Cohésion et autres tentatives.
Cohésion et autres tentatives.
Photograph: Caroline Laberge

The Commandos 2361 project proposes a series of actions carried out by emerging artists that are in dialogue with the local population. “One of Péristyle Nomade’s goals is to teach emerging artists how to work in self-managed cells,” specifies the artistic director. Each artist thus has the responsibility to set up and organize his or her Commando. There are four artists for four Commandos. All work with the intent of contributing ephemeral or durable works to the Centre-Sud neighbourhood.
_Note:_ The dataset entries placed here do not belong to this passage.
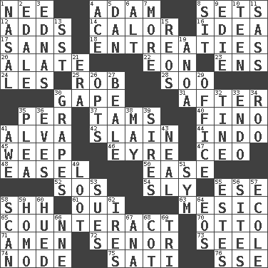 ACROSS 1. Born 4. First of billions? 8. Puts into a specified state 12. Sums up 14. Bodily heat indicating an inflammation 16. The main thing one is thinking about 17. Without 18. Pleas 20. Having winglike extensions 22. Period of immesurable duration 23. Followers of ems 24. French article 25. Director Reiner 28. "Barney Miller" actor Jack 30. Stare wonderingly 31. Following 35. For each 37. Scottish caps 40. A pale, very dry sherry 41. Inventor's middle name 42. Killed 44. Southeast Asian peninsula 45. Shed a tear 46. Jane of fiction 47. Corporate head (abbr.) 48. Artist's stand 50. Comfort 52. Mayday 54. Stealthy 55. Compass dir. 58. Quiet! 61. Fr. "Yes" 63. Mesonic 65. Frustrate 70. "Beetle Bailey" pooch 71. So be it 72. Sir (Sp.) 73. Stitch closed the eyes of (a falcon) 74. Thickened enlargement 75. Suttee (variant) 76. Compass dir. DOWN 1. Relating to the nose 2. Peak District village in England 3. Ferber et al. 4. Adept person 5. Daniel's nick name 6. Keyboard modifier key 7. Greater amount 8. Be seated 9. Singer Brickell 10. Adolescent 11. Backtalk 13. Fast jet (abbr.) 15. Vintage cars 19. Small Philippine buffalo 21. Epoch 26. Chooses 27. Memphis, Tenn. Street 29. Place of business 30. Wine fruits 32. Prong on a fork 33. Inside; within (prefix) 34. Friend of Pooh 35. Entreaty 36. Nights before holidays 38. Fifth month 39. Begets 41. Deep reverence 43. Be tempered by heat 49. Plunder 51. Symbol (abbr.) 53. Takes to court 55. _____ Park, CO 56. Settings 57. Learning spot: Fr. 58. Skim 59. Same (prefix) 60. Became colored 62. Angers 64. Greek goddess of the dawn 66. Compass dir. 67. Santa ___, CA 68. Small bed 69. Three (prefix)
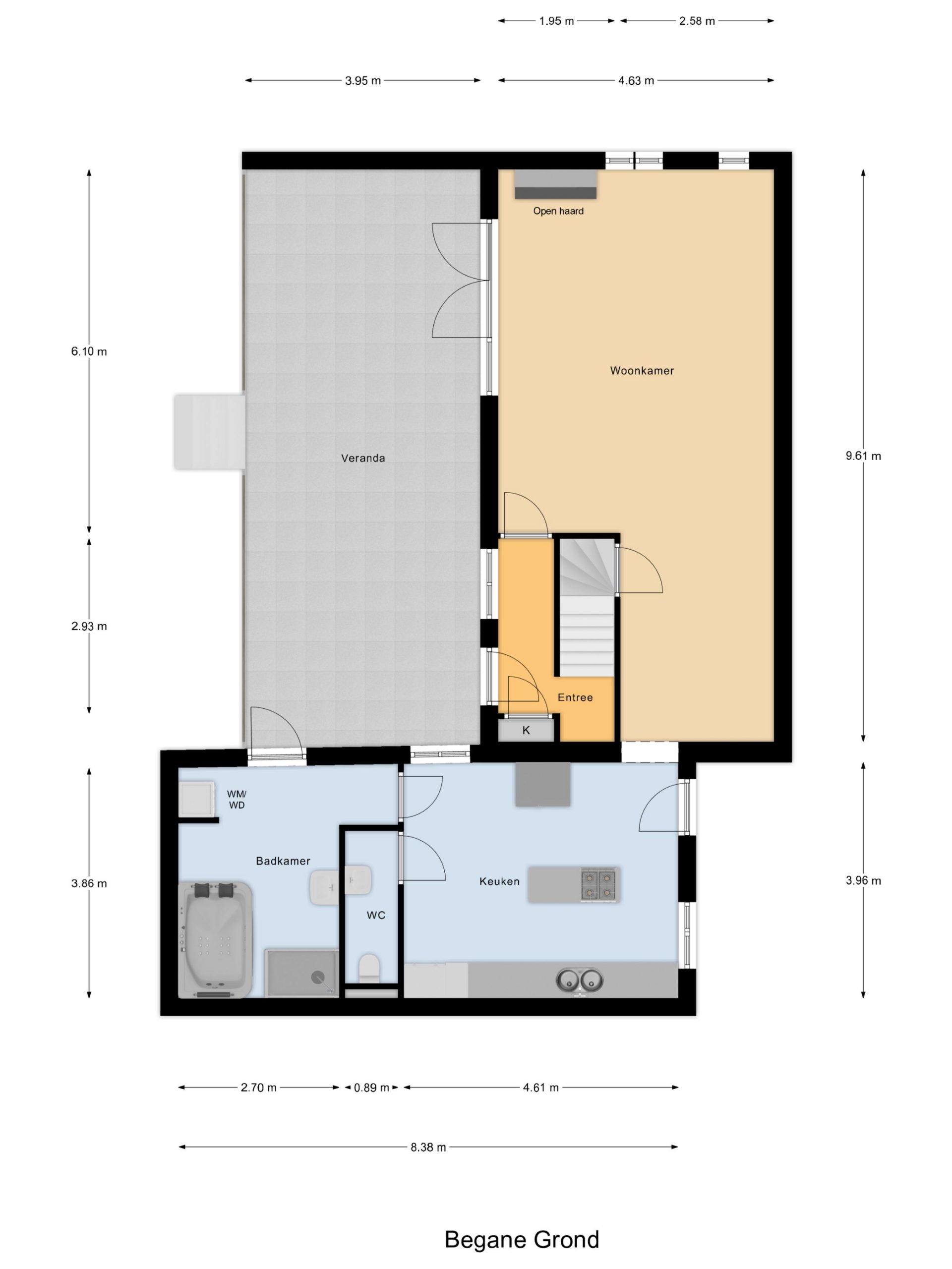 Entree, meterkast, trapopgang, toilet met fontein, dichte keuken met inbouwapparatuur en kookeiland, trapkast, woonkamer met open haard en openslaande deuren naar veranda, badkamer met whirlpool ligbad, douche, wastafel en wasmachineaansluiting.
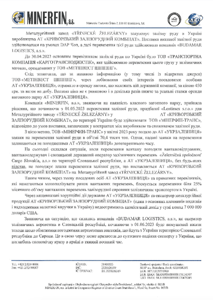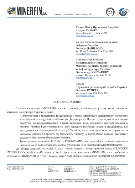 В своем письме словацкая компания указывает, что владеет в Украине "Запорожским железорудным комбинатом" в Днепрорудном, а также транспортной компанией с собственным парком в 1041 году железнодорожный вагон. К активам "MINERFIN, as" также относится металлургический завод Třinecké Železárne, крупнейший в Чехии.
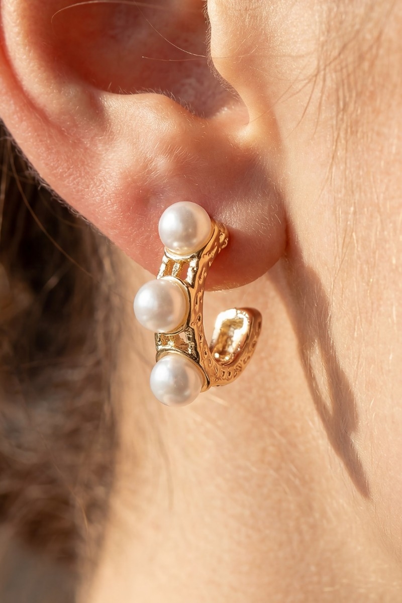 - This pair of hoop earrings displays a fashionable pearl beads mini style. Witness the transformative power of accessories as this piece effortlessly redefines your fashion narrative.
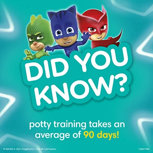 Potty-train like a hero with PJ Masks Pampers Easy Ups Training Pants. Featuring your favorite heroes Catboy, Owlette and Gekko, these super soft and comfy training pants fit just like real cotton undies with a 360 stretchy waistband that is gentle on your child’s skin and easy to pull up and down. Plus, they’re dermatologically tested, hypoallergenic, and free of parabens and latex.* That’s just one of the many reasons Pampers is the #1 pediatrician recommended brand. When it comes to potty accidents, your toddler will be covered with up to 100% leakproof protection. To protect where leaks happen most, Easy Ups are made with Dual Leak-Guard Barriers around the leg cuffs while Extra Absorb Channels quickly absorb accidents and lock them away from your toddler’s skin. And when it’s time to take them off, Easy-Tear Sides make removal and disposal a cinch. Potty-training is a journey and can take your toddler 90 days on average to catch on. So, Pampers Easy Ups makes it easy with each box containing a one-month supply of training pants. Available in sizes 2T–3T (16–34 lb), 3T–4T (30–40 lb), 4T–5T (37+ lb) and 5T– 6T (41+ lb).
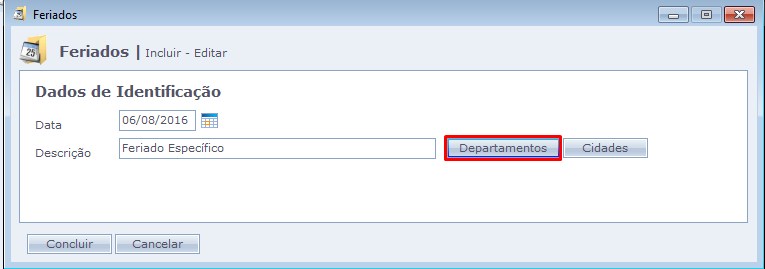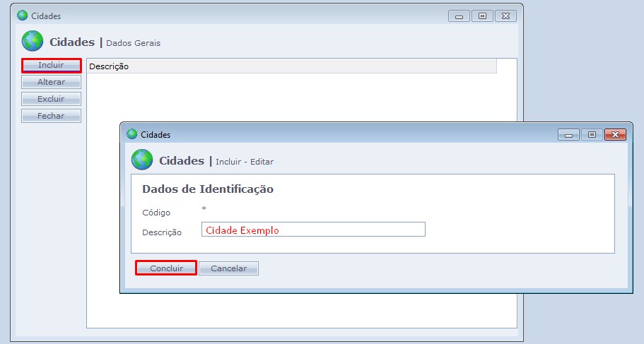 Clique em Incluir e digite o nome da Cidade na tela que irá abrir, logo após clique no botão concluir. A cidade foi cadastrada agora vamos cadastrar o Feriado.
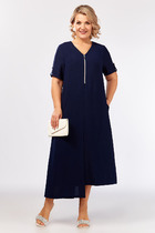 Платье женское отрезное по линии талии, расширенное к низу, длиной до середины икры. Верхняя часть переда с 2-мя нагрудными вытачками, нижняя цельнокроеная. Верхняя часть спинки с 2-мя таллиевыми вытачками, с обтачным разрезом по центру, фиксирующимся по горловине на 1-ну навесную петлю и 1-ну пришивную пуговицу; нижняя часть с 2-мя таллиевыми вытачками. Горловина круглая обточная, без воротника. Застёжка на потайную тесьму-молнию в левом боковом шве платья. Рукав втачной, одно шовный, по окату с лёгкой сборкой, длиной 7/8, низ собран на эластичную тесьму. Платье на подкладке. Платье без плечевых накладок. К платью прилагается отдельный ремень. Длина спинки платья 120 см, длина рукава 56 см.
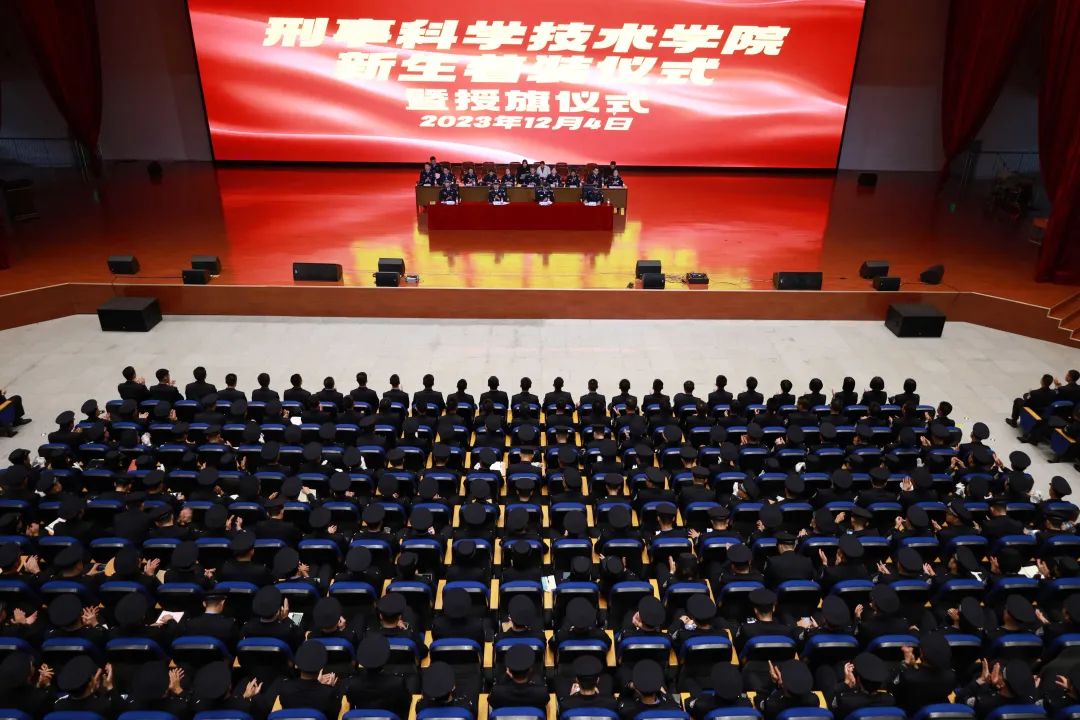 为进一步加强公安院校正规化建设,规范学生着装管理,树立我院学生良好形象,2023年12月4日下午,刑事科学技术学院于仙葫校区学术报告厅举行2023级新生着装仪式暨授旗仪式。仪式由学院党总支副书记黄建跃主持,党总支书记杨坚、院长侯碧海、副院长李小华以及学院全体师生参加。

Works such as sculptures and sugar icings, videos and vox pop street interviews, urban walks and photography, assembly line landscape paintings... There is something for all tastes and all audiences. Moreover, for the artists, the proposed meeting and mediation places are conducive to creative hybridizations and multidisciplinary approaches.
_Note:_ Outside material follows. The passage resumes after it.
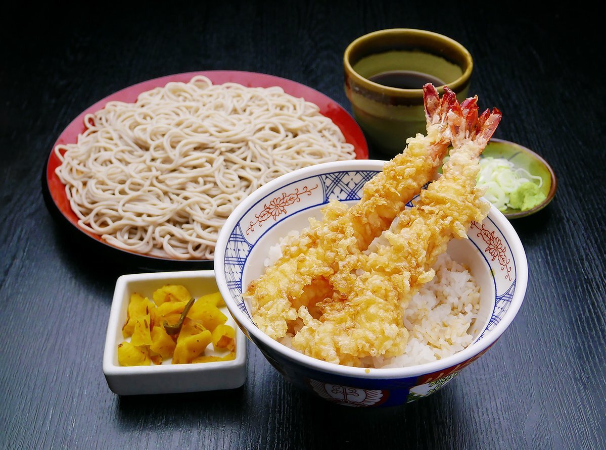 #味奈登庵 の代表メニュー大海老を使用した「海老天ぷら 🍤」 その海老天ぷらを❗️ なんと2本✌️も丼にのせちゃったメニューが「海老天丼」です🤩 大ぶりの海老を豪快に頬張りつつ、タレの染みたご飯でかき込んでください😆 セットなら「そばで1本」「ご飯で1本」楽しめちゃいますよ😋

“The Commandos 2361 project corresponds to regional artists’ need for visibility while enabling the community to participate in a social project that develops its sense of belonging to a culture,” recalls Audrey Beauchemin the Usine à Paysage Commando artist. “The fundamental mission of my Commando,” she adds, “is to initiate encounters, to demystify the work of artists and to educate through an immersive experience.”
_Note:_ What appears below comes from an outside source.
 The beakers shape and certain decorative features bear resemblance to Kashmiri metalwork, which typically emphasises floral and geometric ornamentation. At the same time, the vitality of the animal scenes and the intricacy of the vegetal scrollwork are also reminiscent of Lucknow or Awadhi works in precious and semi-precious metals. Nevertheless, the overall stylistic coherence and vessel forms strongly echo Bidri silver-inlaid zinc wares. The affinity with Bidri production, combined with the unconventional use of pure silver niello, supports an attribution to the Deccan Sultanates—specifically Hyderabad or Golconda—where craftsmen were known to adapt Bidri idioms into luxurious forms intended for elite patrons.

Usine à Paysage. Photo : Soufîa Bensaïd
Usine à Paysage. Photograph: Soufîa Bensaïd

For the Usine à Paysage a temporary residence was set up in a commercial space on Ontario street – thanks to the help of a community partner. Prepared, repainted and embellished by the artist and her acolytes this place triggered a sustained participation. People from the neighbourhood came by to paint and join in. Artists from all disciplines gathered there to exchange, and explore new territories. There were even some unexpected artistic propositions that became part of Audrey Beauchemin’s Commando and which enriched the place of exchange created by the factory.

L'écho d'un fleuve
Photograph: Jean-François Lamoureux.
Graphic design: Audrey Beauchemin

The final works of the Commandos 2361 project were presented during L’Écho d’un fleuve, an event dedicated to urban art which took place in the heart of the Centre-Sud borough on last June 13, 14 and 15. This festive event celebrated the cooperation between the residents, artists and the community partners in the cultural life of the neighbourhood. “At the end of the day,” Catherine Lalonde adds,” the creation of these projects allowed the community and the artists to envision cooperative work and artistic dissemination in a new way.

The four Commandos:
- Cohésion et autres tentatives by Danny Gaudreault;
- Conscience urbaine by Fanie St-Michel;
- À qui mieux mieux! by Sonia Martineau;
- Usine à Paysage by Audrey Beauchemin.

www.peristylenomade.org
www.usineapaysage.blogspot.com

*PERISTYLE: noun; a row of columns surrounding a courtyard or internal garden or edging a veranda or porch. From Greek peri – ‘around’ + stulos ‘pillar’. (Compact Oxford English Dictionary).